By Shallalla
There’s a German song that goes something like this:
A day so beautiful as this one
Such a day should never end.
It’s pretty popular among soccer fans when their team is on the winning side.
I was seven, maybe eight years old, sitting in the back seat of my parent’s car, when that song came up on the radio. I belted along, not a care in the world. I was happy.
It only lasted for a moment.
My mother switched off the radio, turned around, and yelled at me.
“How dare you say that this early in the day? It’s not even midday! Who knows what’ll happen! Shut up! Imagine if someone dies today! How bad will you feel for singing that song!”
Not only did I shut up, but I also made a mental note that read: “Joy is dangerous.” It sounded like there was a connection, cause and effect. If you’re happy, something terrible will happen.
I lived according to that belief for more than three decades. Between you and I: It’s not a fun way to live.
The moment I broke through that hypothesis is as vivid as the memory from the backseat of that wine-red Toyota Corolla. I worked my way through group therapy, schema therapy, to be precise.
My insides were on fire. A migraine warmed up behind my eyes, threatening to knock me out any moment.
I expected brain hemorrhage but what I got was a significant light bulb moment.
Are you ready for this?
Bad stuff happens regardless of how I feel.
I can’t prevent people from becoming sick (or even dying) by keeping joy out of my life. Heck, I am going to die, no matter how much bliss I reject.
And not just that. Looking at one of my favorite authors, Dr. Joe Dispenza, it seems my chances to stay healthy are actually higher the happier I am!
Why am I sharing this with you?
Because I want you to be happy.
I want you to be living, breathing, contagious joy that affects every life you touch.

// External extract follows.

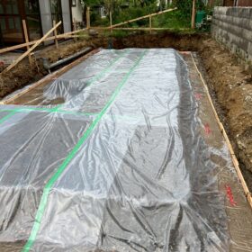 - 砕石の上に防湿シートを敷き、その上に「捨てコンクリート」と呼ばれる

It’s my vision for you to inspire the universe.
The last one and a half years took their toll on me and my ability to experience joy. It crept in slowly. When I noticed it, I decided to fight for my happiness. To seek out delight every single day.
What gives you joy? What makes you happy? If you feel like sharing, please drop me a line.
I opted for something drastic. Actually, not “something,” someones. They are moving in with me this weekend.
Guess what I will be singing all day long?